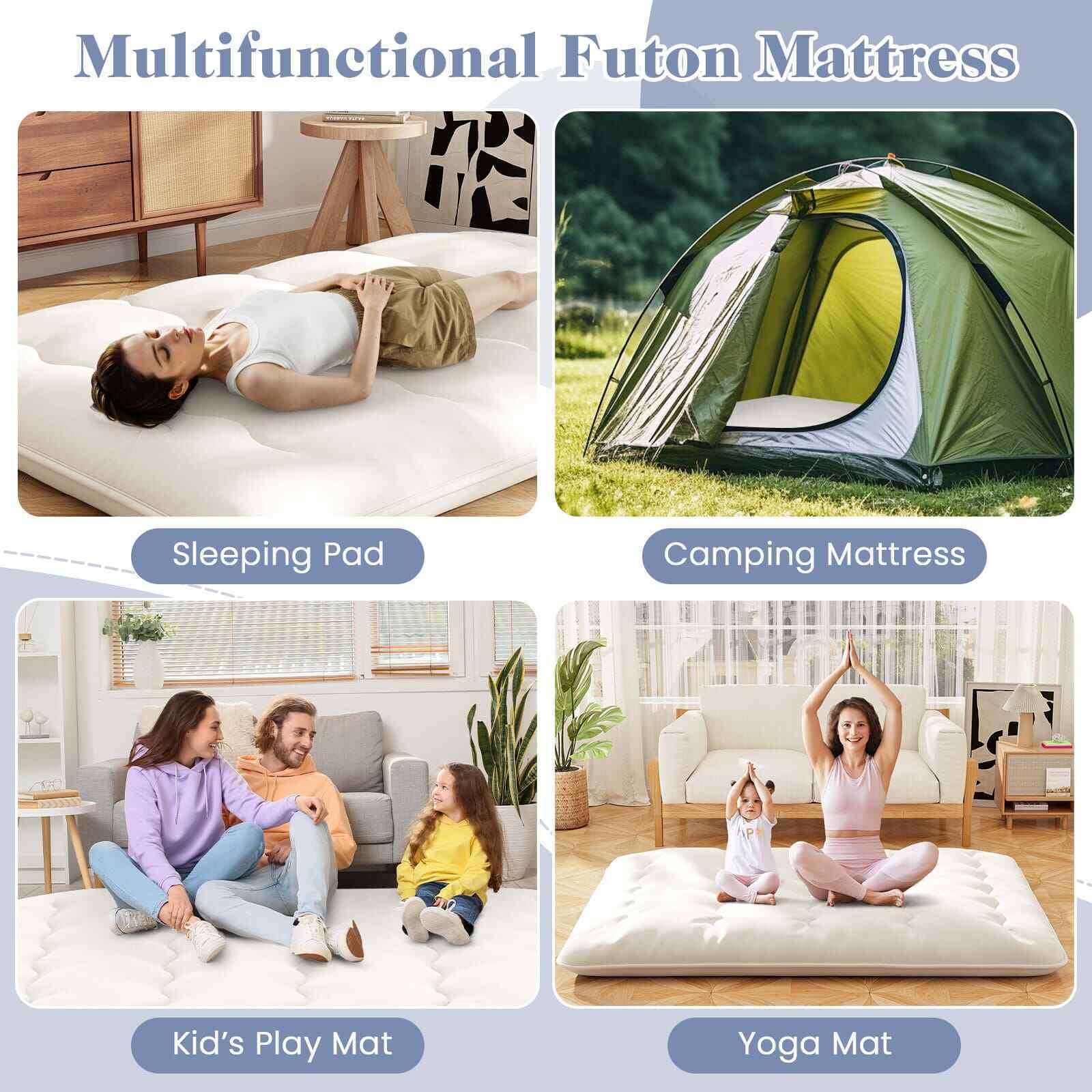 200 x 150 x 10cm Japanese Floor Mattress Futon Mattress Roll up Mattress-Beige
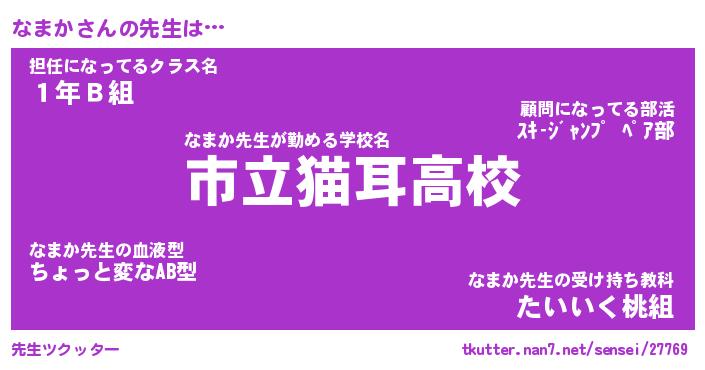 | ヘコむあだ名 | 『なまにー』『つくし』『なまっ子』 |
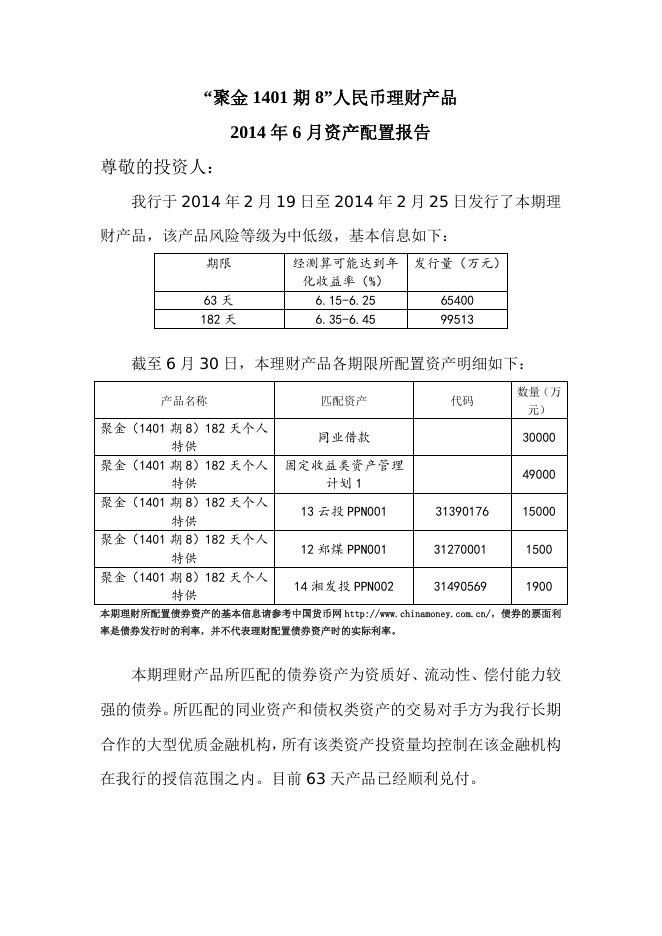 “聚金1401期8”人民币理财产品2014年6月资产配置报告.doc
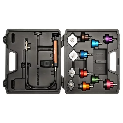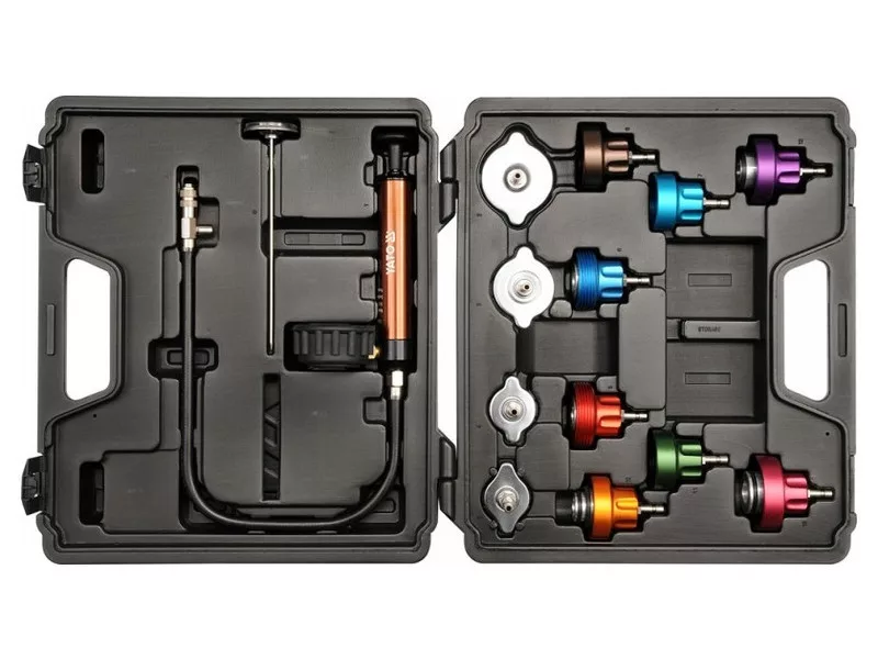 Profesionálna 14-dielna súprava na kontrolu tesnosti chladiacich systémov.
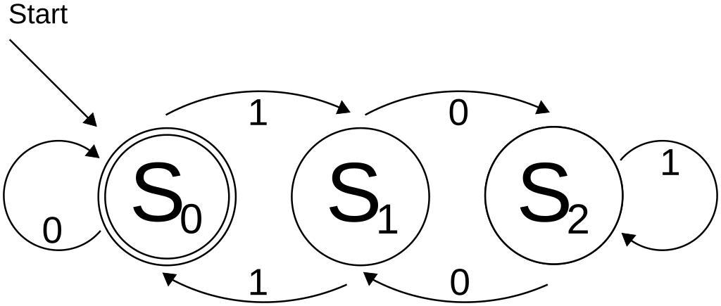 Keywords: DFA example multiplies of 3.svg Example of a DFA that accepts binary numbers that are multiplies of 3 Příklad deterministického konečného automatu který přijímá binární čísla která jsou beze zbytku dělitelná třemi own 2007-03-20 Self-made Original PNG Transition monoid wikitable - 808080 <br>012 808080 0 <br>021 808080 1 <br>102 808080 10 <br>120 808080 01 <br>201 808080 010 <br>210 - 808080 <br>012 808080 <br>012 808080 0 <br>021 808080 1 <br>102 808080 10 <br>120 808080 01 <br>201 808080 010 <br>210 - 808080 0 <br>021 808080 0 <br>021 808080 <br>012 808080 01 <br>201 808080 010 <br>210 808080 1 <br>102 808080 10 <br>120 - 808080 1 <br>102 808080 1 <br>102 808080 10 <br>120 808080 <br>012 808080 0 <br>021 808080 010 <br>210 808080 01 <br>201 - 808080 10 <br>120 808080 10 <br>120 808080 1 <br>102 808080 010 <br>210 808080 01 <br>201 808080 <br>012 808080 0 <br>021 - 808080 01 <br>201 808080 01 <br>201 808080 010 <br>210 808080 0 <br>021 808080 <br>012 808080 10 <br>120 808080 1 <br>102 - 808080 010 <br>210 808080 010 <br>210 808080 01 <br>201 808080 10 <br>120 808080 1 <br>102 808080 0 <br>021 808080 <br>012 Numeric entries denote functions mapping a state to a state; e g 102 abbreviates the function mapping state 0 1 and 2 to state 1 0 and 2 respectively; this is the function for digesting an input 808080 1 The table shows the result of function composition e g 021 102 201 and 102 021 120 808080 Grey entries give a shortest input string corresponding to a function cob Equivalent alternate representations - colspan 5 Regular grammar - colspan 5 Start symbol S<sub>0</sub> - S<sub>0</sub> ε 0 S<sub>0</sub> 1 S<sub>1</sub> - S<sub>1</sub> 0 S<sub>2</sub> 1 S<sub>0</sub> - S<sub>2</sub> 0 S<sub>1</sub> 1 S<sub>2</sub> Regular expression <source lang pcre enclose none > 0 1 01 00 0 1 </source> cob Deterministic finite state automata |
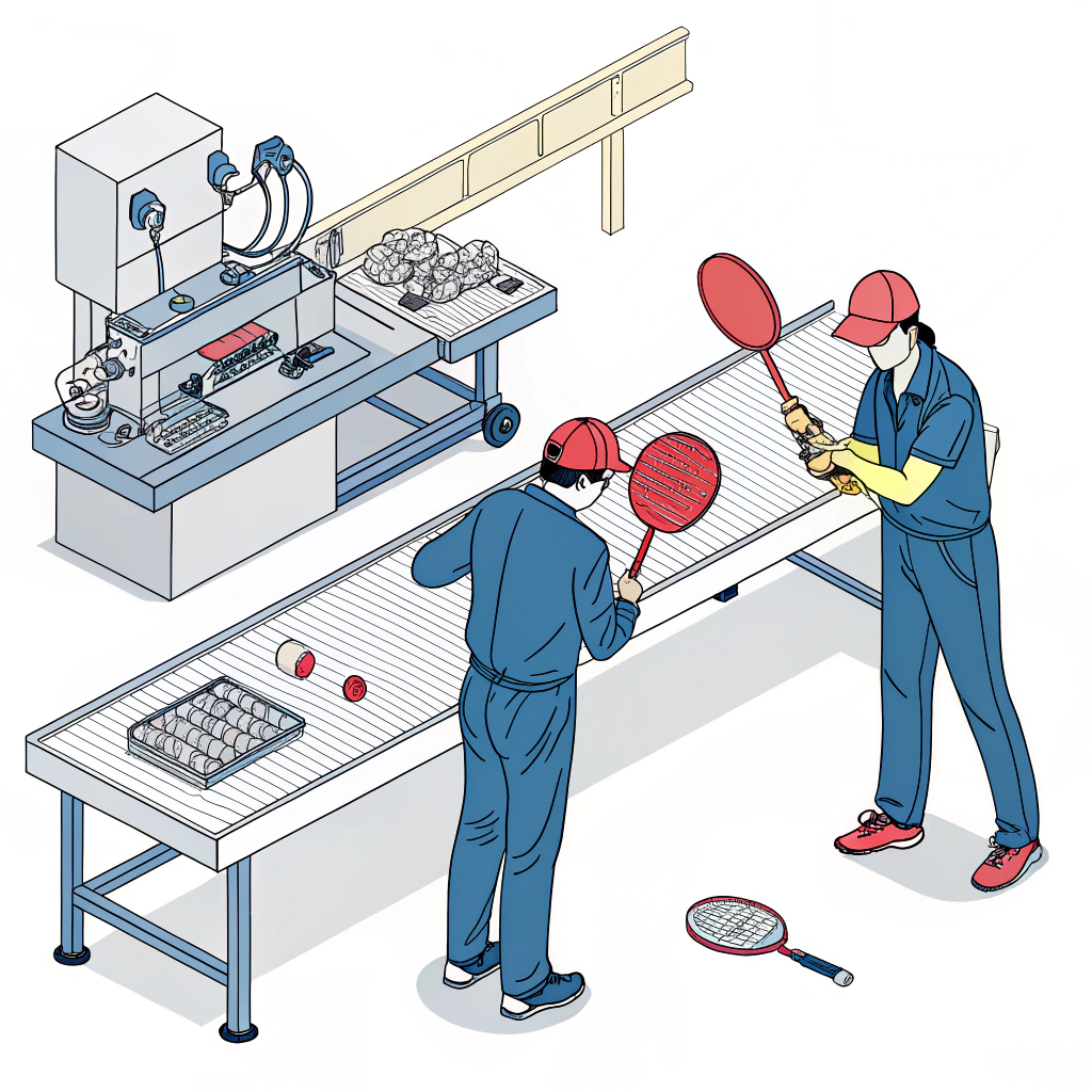 Minimalistic 2D illustration showing quality control inspection and customization in paddle production.
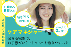 ≪大和郡山市/ケアマネジャー/正社員≫うれしい日勤のみ★日曜休み♪月収例25.5万円♪保育所完備!お子様がいらっしゃっても働きやすい♪老健でケアマネジャーのお仕事です☆(kyo)
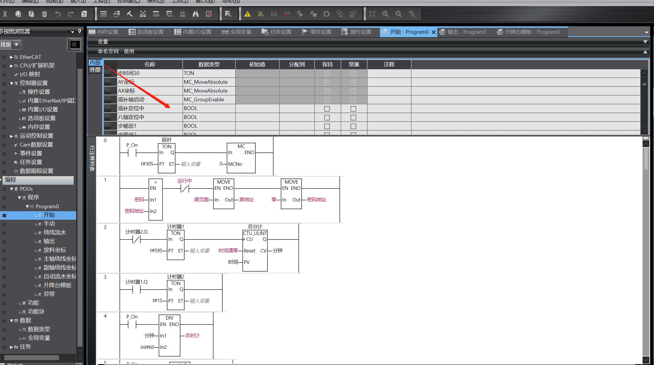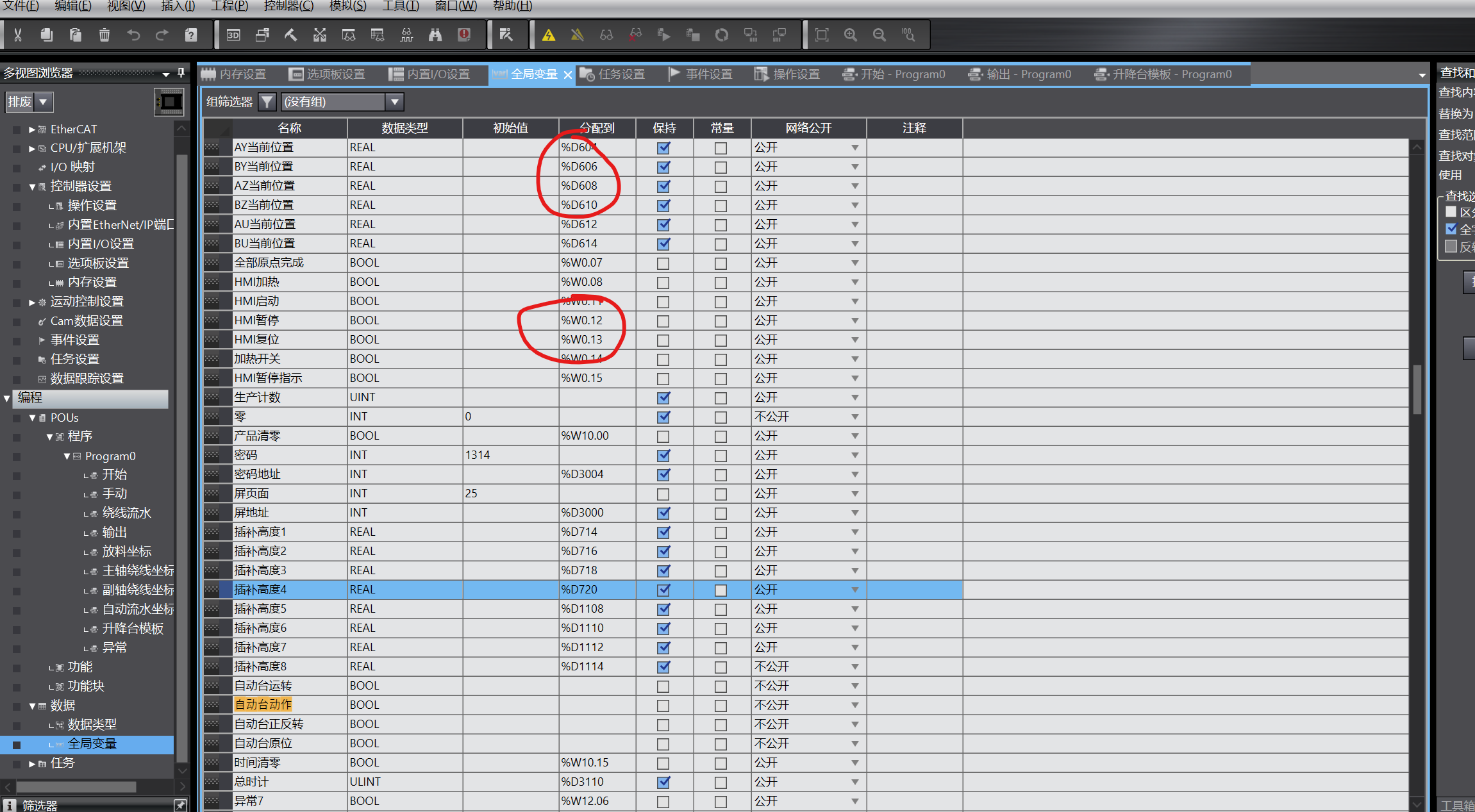 左側多視圖瀏覽器找到配置和設置,再找到控制器設置,內存設置打開,出來的cj系列單元的內存設置,需要用那個勾選哪個,基本上cio wr hr dm都勾選上,然后在編程,數據,全局變量里新建一個變量名為a,數據類型為bool,分配到為%W0.00,網絡類型選擇公開就是觸摸屏或其他plc能讀到,不公開就讀不到,分配為d時應勾選保持,否則報錯。好了,可以去測試一下了,祝順利
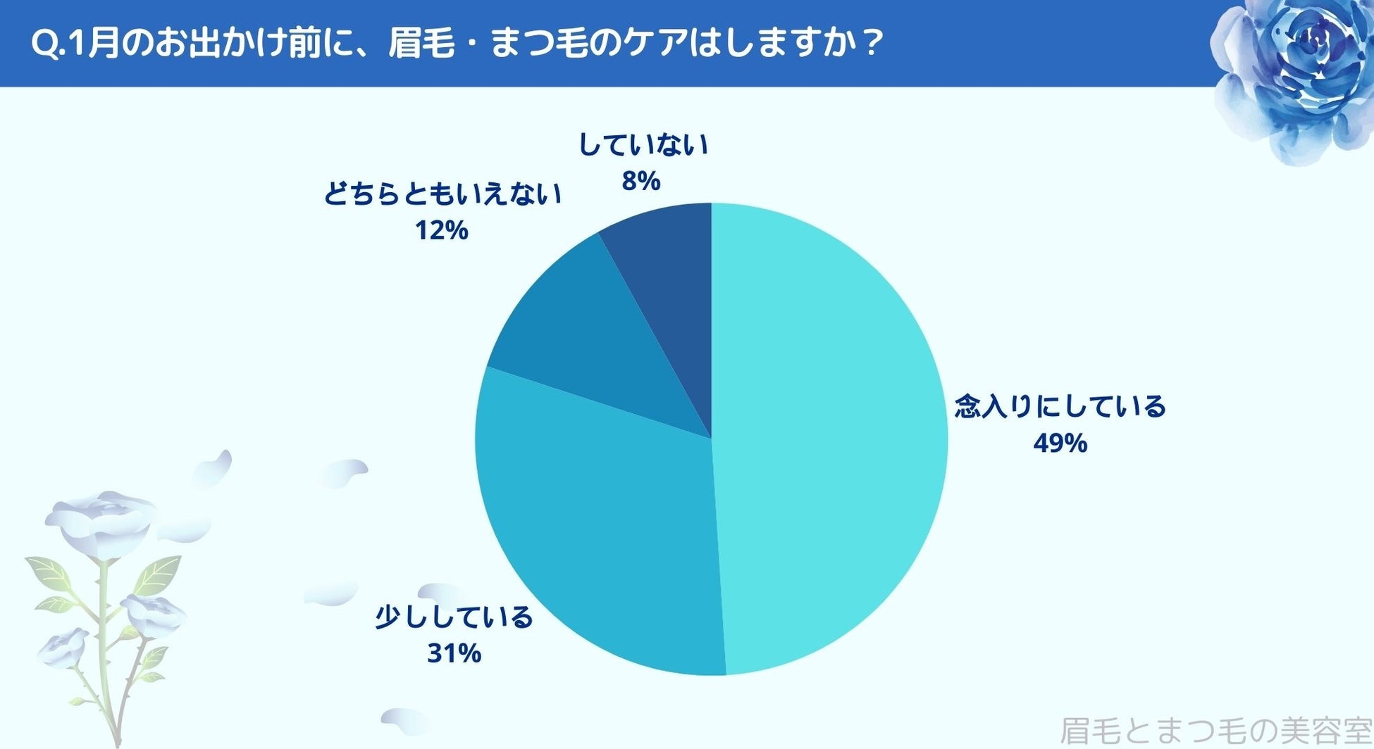1月のお出かけ前に、眉毛・まつ毛のケアをするかお聞きしたところ「念入りにしている(49%)」、「少ししている(31%)」、「どちらともいえない(12%)」、「していない(8%)」という結果になりました。
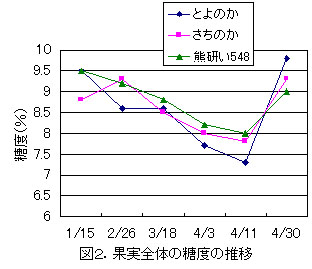 糖度は安定して高く、収穫期間を通じて香りが良く、食味は優れる(図2)。
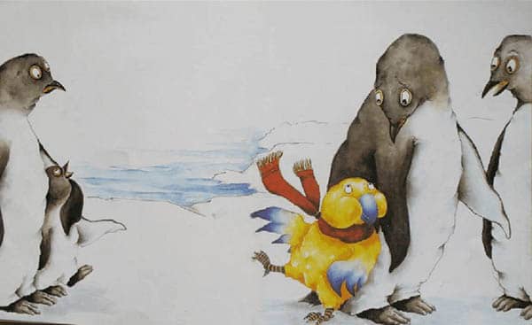 接下来,秋秋遇到企鹅太太。“哦,企鹅太太!”他大声说,“你和我一样有翅膀,你是我妈妈吗?”

========================================================================

■ Assignment: Once the line with "Minimalistic 2D illustration" is found above, print it and every line after it through the line with "糖度は安定して高く、収穫期間を通じて香りが良く、食味は優れる(図2)。", exactly. Pictures stay out.

■ Your response:
 Minimalistic 2D illustration showing quality control inspection and customization in paddle production.
 ≪大和郡山市/ケアマネジャー/正社員≫うれしい日勤のみ★日曜休み♪月収例25.5万円♪保育所完備!お子様がいらっしゃっても働きやすい♪老健でケアマネジャーのお仕事です☆(kyo)
 左側多視圖瀏覽器找到配置和設置,再找到控制器設置,內存設置打開,出來的cj系列單元的內存設置,需要用那個勾選哪個,基本上cio wr hr dm都勾選上,然后在編程,數據,全局變量里新建一個變量名為a,數據類型為bool,分配到為%W0.00,網絡類型選擇公開就是觸摸屏或其他plc能讀到,不公開就讀不到,分配為d時應勾選保持,否則報錯。好了,可以去測試一下了,祝順利
1月のお出かけ前に、眉毛・まつ毛のケアをするかお聞きしたところ「念入りにしている(49%)」、「少ししている(31%)」、「どちらともいえない(12%)」、「していない(8%)」という結果になりました。
 糖度は安定して高く、収穫期間を通じて香りが良く、食味は優れる(図2)。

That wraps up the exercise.